### [Information supplied]
---

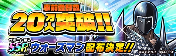 事前登録キャンペーンは20万人を突破し、限定サポート超人SSR【氷の心】ウォーズマンが配布されます。
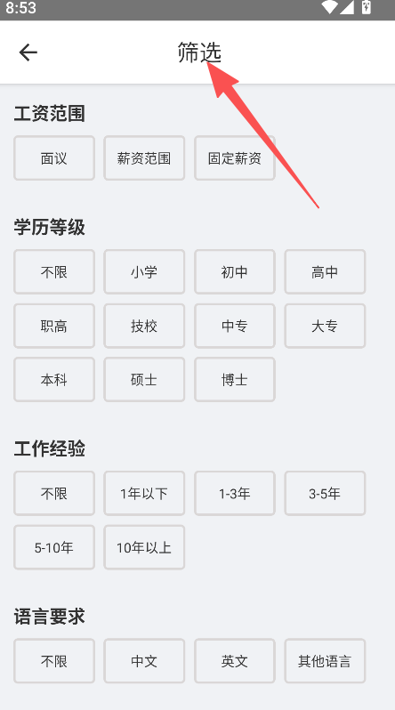 2、点击筛选选项,选择工资范围、学历等级等条件完成筛选。
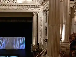 Streng hierarchisch wurden die verschiedenen Elemente angeordnet, die doch ein zusammenhängendes Ganzes bildeten.[51] Direkt vor der Bühne gab es Platz für das Orchester und die Garde, dann im Parkett die abgegrenzte königliche „Loge“ (der Begriff stand damals eigentlich für jede Sitzgelegenheit).[52] Zu jener konnte Ludwig sich auch durch einen unter dem Boden verborgenen Gang zurückziehen, nachdem er auf der Bühne getanzt hatte.[53] Zum hinteren Ende hin gab es Sitzreihen in Stufenanordnung für die Angehörigen des Hofs. Hufeisenförmig umfingen den Saal übereinander zwei Ränge, jeweils unterstützt durch Säulenreihen.[54] Durch schmale Gänge mit eigenen Eingangstüren konnten Sonderbotschafter, Gesandte und ausländische Minister zu ihnen extra zur Verfügung gestellten Balkonen gelangen.[55] Blondel hatte die Kombination von Säulen mit rundem und quadratischem Querschnitt kritisiert,[56] lobte aber die große Schönheit der Kassettendecke mit Gemälden, ausgeführt von Noël Coypel nach Entwürfen von Charles Errard. Die Beleuchtung bestand aus dreißig Kronleuchtern, die durch eine von Carlo Vigarani gebaute Vorrichtung nach Beginn der Vorstellung an die Decke gezogen wurden.[57]
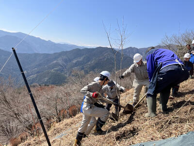 藤岡市が主催する桜山公園での植樹試験で、植樹の作業を行いました。2,3)
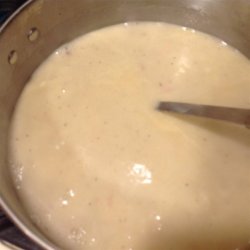 2Warm the milk in the microwave, and whisk in the flour with a fork until there are no lumps. Return the gravy to a boil, and gradually stir in the milk mixture. Continue to cook, stirring constantly, for 1 minute, or until thickened. Be careful not to let the bottom scorch.
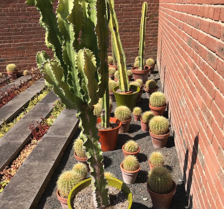 The next walled garden is even more of an eye-opener. Row after row of concrete paving slabs are interplanted with sedums and dotted with cacti filled terracotta and glazed pots. However, the overall effect is slightly marred by two or three black plastic tubs housing enormous blue agave plants.
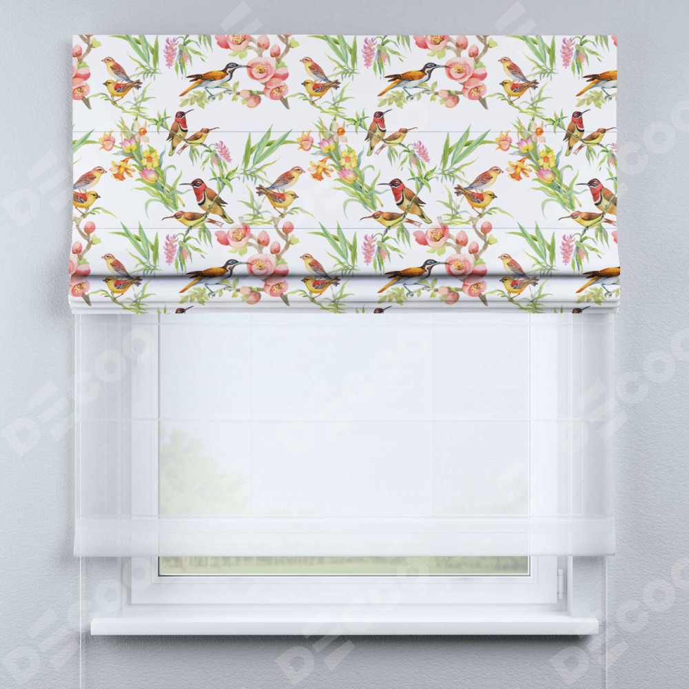 Двойная римская штора «День-ночь» от производителя Cortin предназначена для использования в проёмах. Эта штора уникальна тем, что состоит из двух полотен. На лицевой стороне находится блэкаут с нанесением сублимационной печати «Певчие птички», обеспечивающий эффективное затемнение. В комплект также входит вторая ткань — легкий белый тюль (артикул: V-01), который добавляет изящества и легкости оформлению окна. Кроме того, доступны и другие разновидности ткани тюль, выбор которых доступен по ссылке .
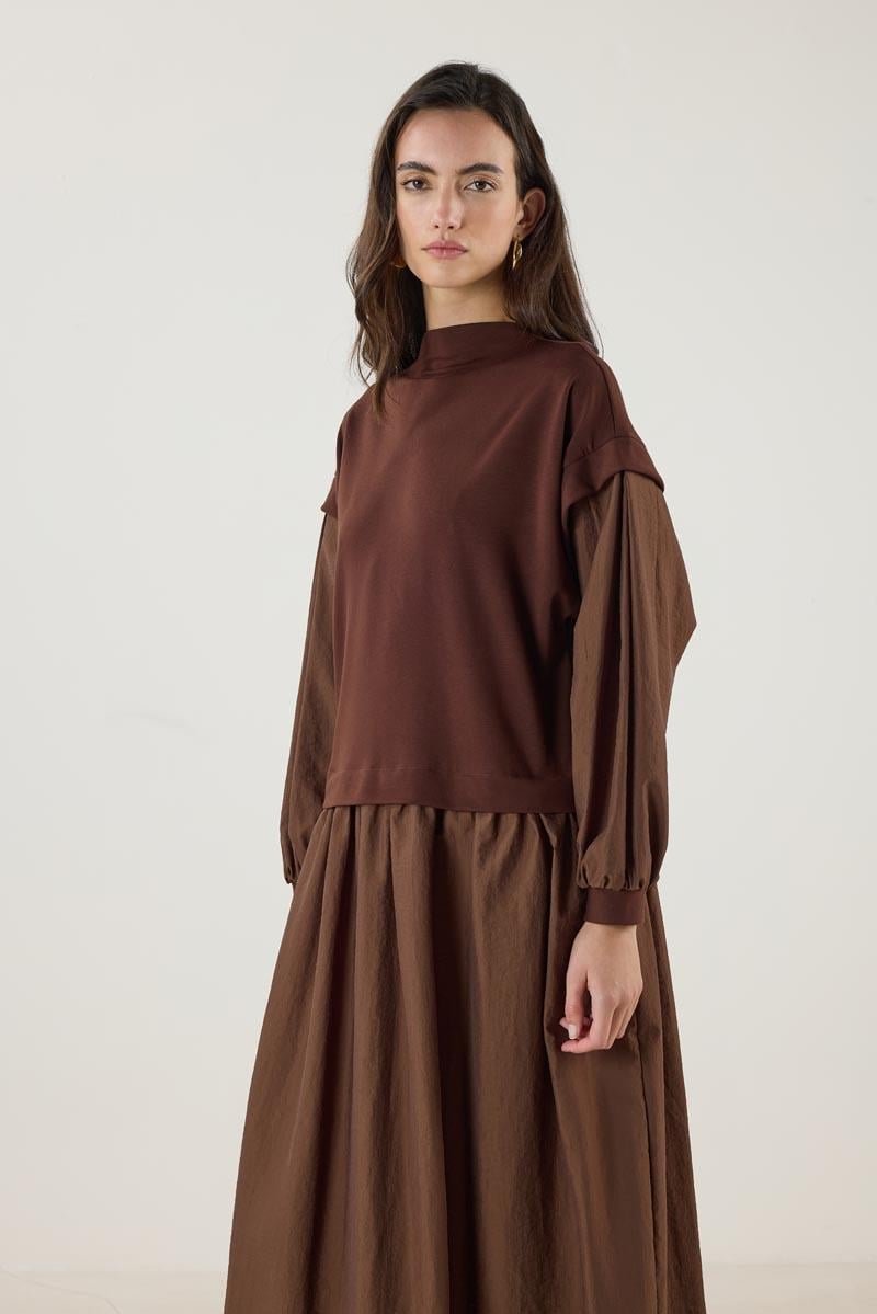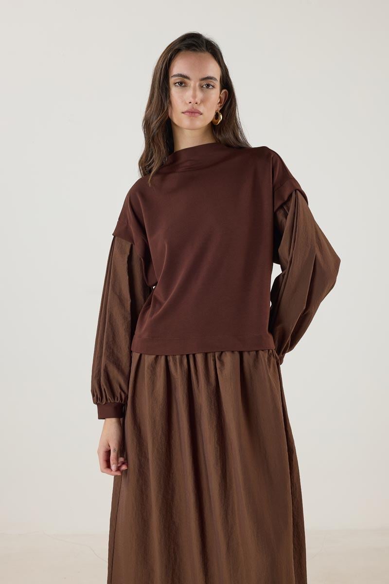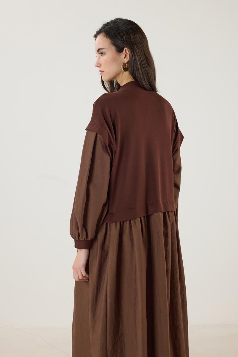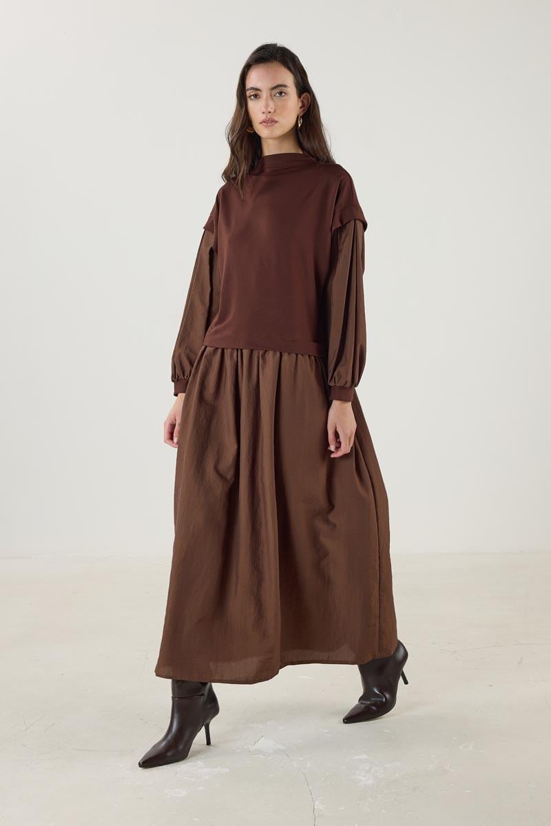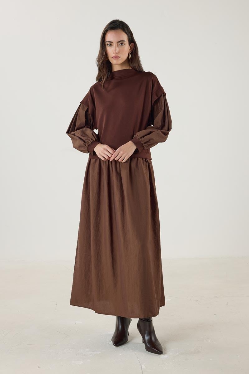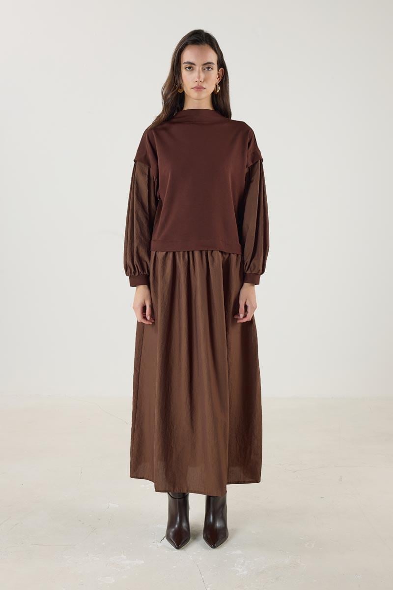 Kadın Yüksek Yaka Paraşüt Etekli Elbise Acı kahve (MTM25KELB002)
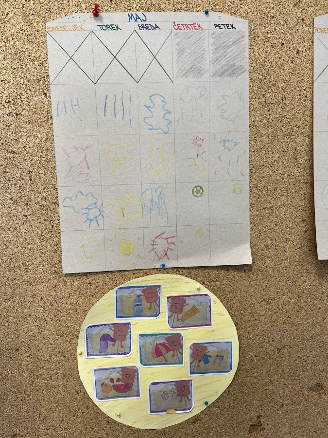 - likovno ustvarjanje (risanje, lepljenje, rezanje, slikanje),
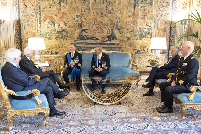President Sergio Mattarella with Enrico Credendino and Giuseppe Berutti Bergotto, outgoing and incoming Chief of Staff of the Navy. Rome, Italy 05 November 2025, Credit:Francesco Ammendola / Avalon
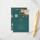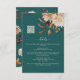Teal Fall Details Enclosure Card. Share all your essential wedding information in style with this vertical details card, designed as part of the Teal Terracotta Fall Leaves Floral Collection. Featuring a space for a QR code linking guests directly to your wedding website or registry, this card is both practical and beautifully on theme. The front is framed with elegant typography and autumnal tones, while the back showcases a coordinating pattern of hand-painted watercolor florals—burnt orange and terracotta leaves, cream and beige dahlias, and copper-toned roses—set against a rich teal background. It’s the perfect way to keep guests informed while seamlessly tying into your fall wedding aesthetic. Customise it now to make it your own.
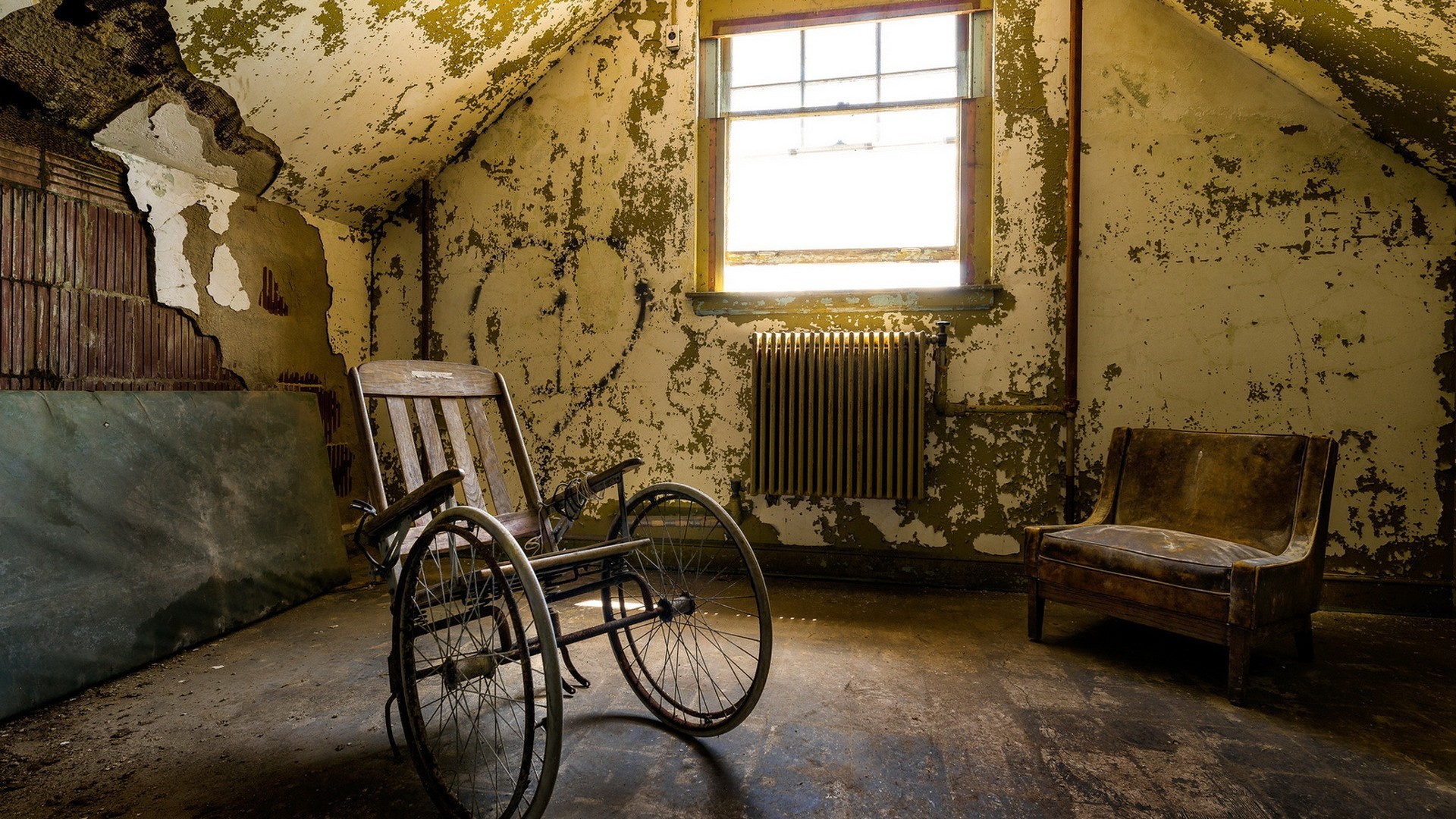 Обои: Пустое инвалидное кресло в заброшенном доме
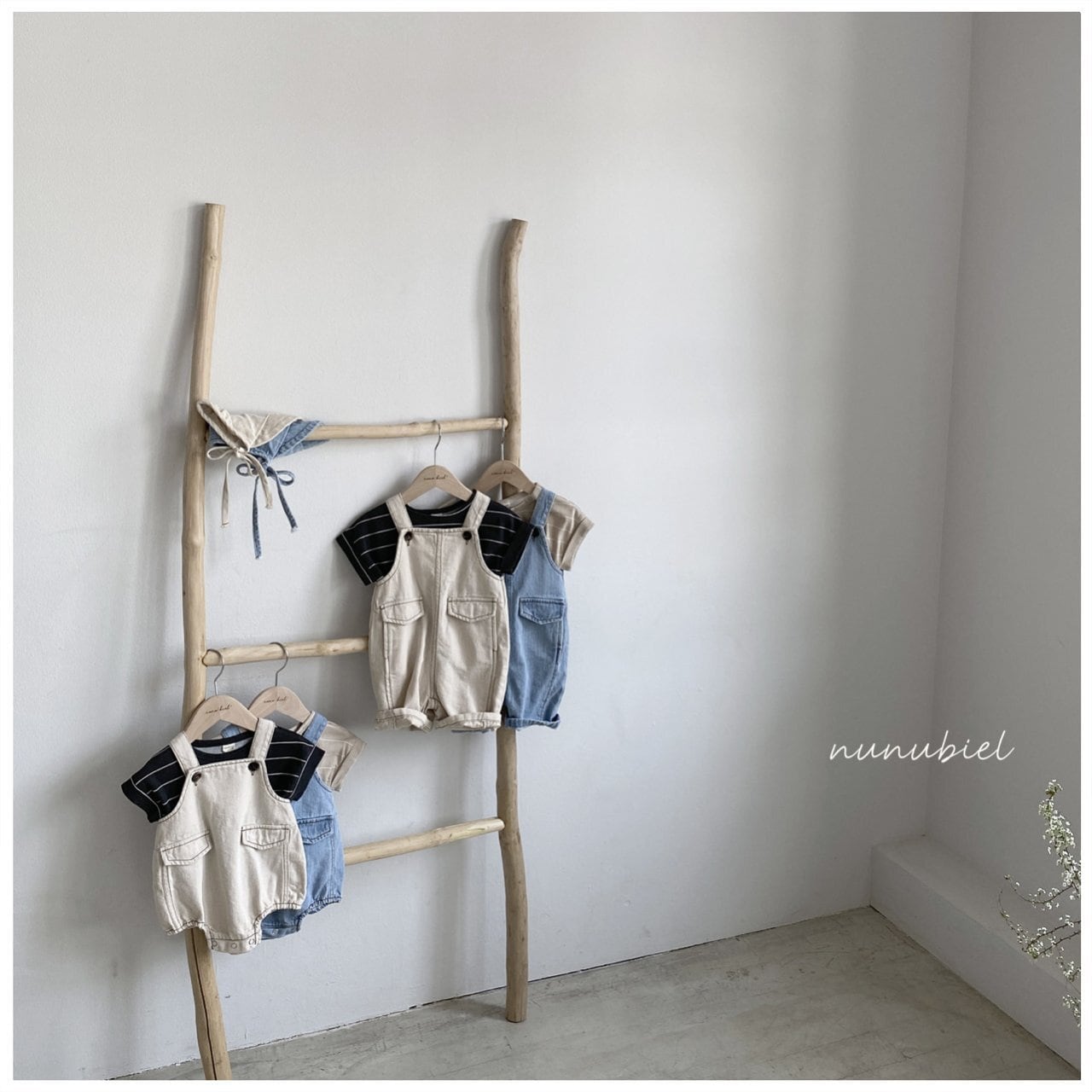 NUNU biel bebe)cut denim romper & bonnet ♡
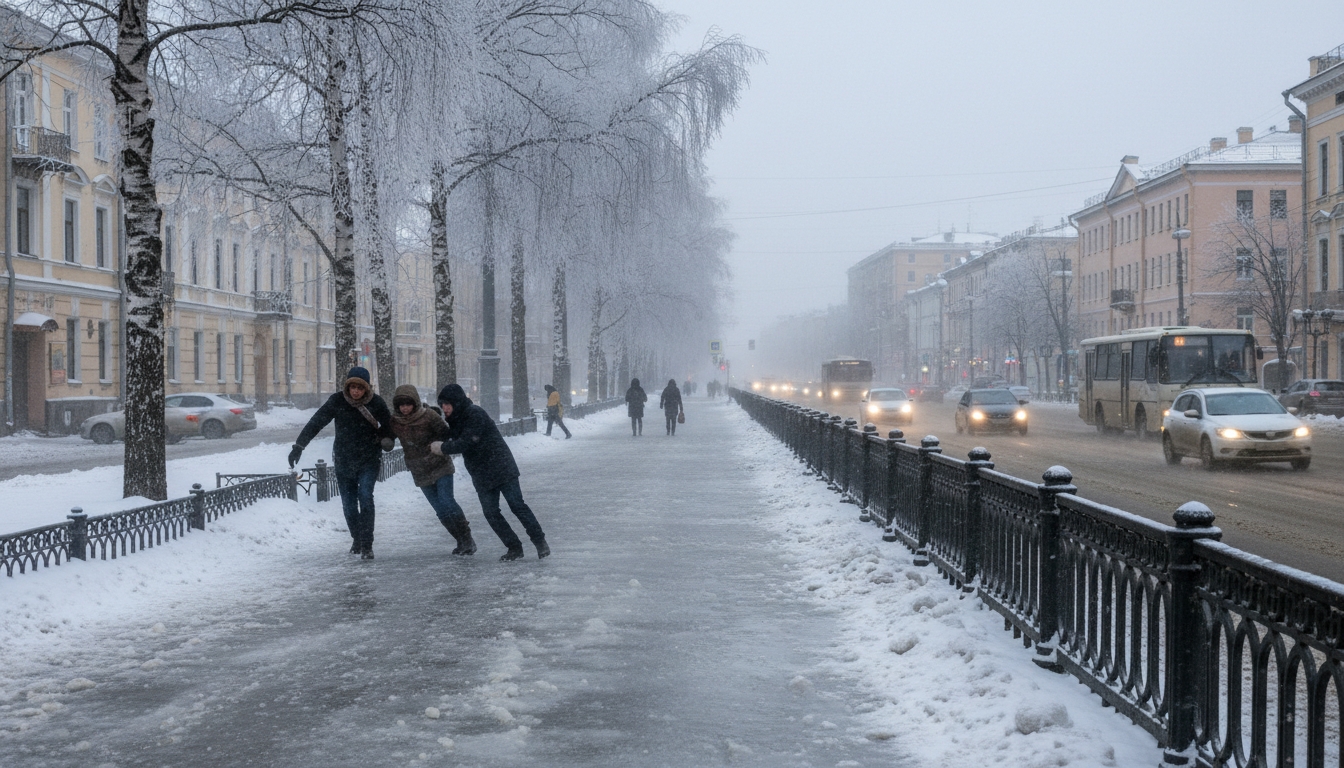 PeterburgMedia, 22 ноября 2025. В Санкт-Петербурге объявлен жёлтый уровень погодной опасности из-за гололедицы и сильного ветра. Предупреждение действует до 13:00 23 ноября.
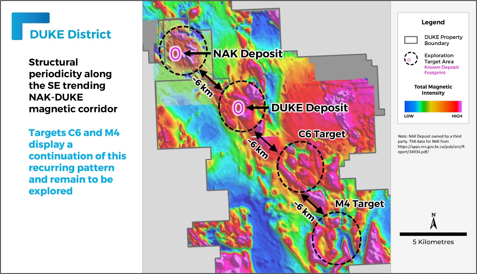 Notably, the large DUKE Cu-Mo-Au-Ag Deposit lies approximately 6 km to the southeast of American Eagle’s promising NAK Cu-Au Deposit (see American Eagle website https://americaneaglegold.ca). Figure 1 illustrates a structural periodicity along the southeast trending regional NAK-DUKE magnetic corridor. The NAK and DUKE Deposits, outlined in red, are situated within evenly-spaced, recurring clusters of magnetic anomalies. The DUKE JV’s targets C6 and M4 display a continuation of this recurring pattern to the southeast of the DUKE Deposit, showing magnetic anomalies clustering at repeated 6 km spacings. These exploration targets are interpreted to reflect zones of fault intersections with regional southeast trending structures, representing mineralizing fluid pathways analogous to those responsible for most deposits in the Babine Region. Future exploration by the DUKE JV will focus on identifying prospective chargeability and geochemical anomalies across these target regions to firm-up drill targets.
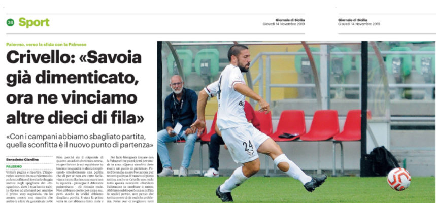 L’edizione odierna del “Giornale di Sicilia” riporta le dichiarazioni di Roberto Crivello, difensore del Palermo: «La sconfitta l’abbiamo presa male, non c’eravamo abituati. Però Pergolizzi ci ha tirato su, ci ha ricordato che abbiamo fatto dieci vittorie e la sconfitta è un incidente di percorso. Dobbiamo ripartire subito, in questi due giorni stiamo andando di nuovo a duemila. Abbiamo reagito bene. Ci siamo detti le cose che si dicono nello spogliatoio dopo una sconfitta, cose normali». Ficarrotta? «Luca è stato il primo a scusarsi con la squadra – prosegue il difensore palermitano – c’è rimasto male. Non abbiamo perso per colpa sua, però. Anche in undici abbiamo sbagliato partita. È stata la prima volta in cui abbiamo fatto male e abbiamo creato poco». La squalifica di Ficarrotta, però, priverà il Palermo di un attaccante in una fase importante del campionato, creando ulteriori problemi a Pergolizzi, già alle prese con altre assenze, anche nel reparto avanzato. «Pesa tanto – ammette Crivello – perché oltre a lui mancherà anche Sforzini. Numericamente è un’assenza importante, ma fortunatamente rientra Santana e abbiamo un’alternativa. Spero per Ficarrotta che questo periodo passi in fretta, soprattutto a livello di testa. Deciderà l’allenatore se cambiare o meno. Abbiamo subito però una sconfitta in undici partite, non penso che tatticamente ci sia qualche problema. Forse così ci svegliamo tutti perché ci eravamo un po’ adagiati su questo vantaggio. Adesso si riparte e facciamo altre dieci vittorie, questo deve essere l’obiettivo». Contando anche sull’appoggio della società, che non ha fatto pesare ai giocatori la sconfitta: «La dirigenza ci ha detto di stare tranquilli, una sconfitta non cancella il lavoro fatto finora. Dobbiamo stare sereni, ma anche lavorare di più. Perché questo vantaggio non basta e dobbiamo ripartire con una vittoria». Impossibile pensare in un nuovo scivolone, specialmente contro il fanalino di coda del torneo. Guai però a sottovalutare la Palmese: «Sarà una battaglia, tutte le squadre che giocano contro di noi vogliono fare la partita della vita. Non guardiamo la classifica, nel calcio ne abbiamo viste di tutti i colori. Non è facile, ma dobbiamo pensare a ripartire. Forse nelle ultime trasferte, avendo vinto per un gol di scarto, ci siamo abbassati negli ultimi cinque-dieci minuti per tenere il risultato. Questa è una cosa che non bisognerebbe fare, speriamo di avere uno scarto più ampio, ma alla fine l’importante è vincere e in trasferta l’abbiamo sempre fatto. Fisicamente sto bene e il nuovo ruolo è meno stancante rispetto al terzino. Mi piace, mi allungherà la carriera»”.
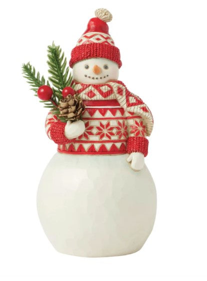 This cheerful Jim Shore Nordic Noel snowman is dressed in an intricately patterned red Nordic sweater, scarf, and hat, radiating warmth and holiday spirit. With a bright smile, he holds a fresh evergreen sprig in his hands, eagerly embracing the joys of
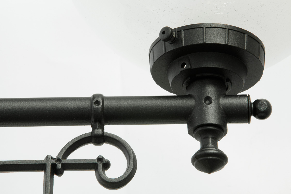 Auraluce's large historic 700 mm cantilever outdoor luminaire is available with 30 cm glass ball in clear or matt, up and down. The wall lamp is available in various standard colors.

---

### [Work instruction]
Leave out the pictures, then repeat the listing above exactly from its first line to the line with "2、点击筛选选项,选择工资范围、学历等级等条件完成筛选。", inclusive.

### [Reply]
 事前登録キャンペーンは20万人を突破し、限定サポート超人SSR【氷の心】ウォーズマンが配布されます。
 2、点击筛选选项,选择工资范围、学历等级等条件完成筛选。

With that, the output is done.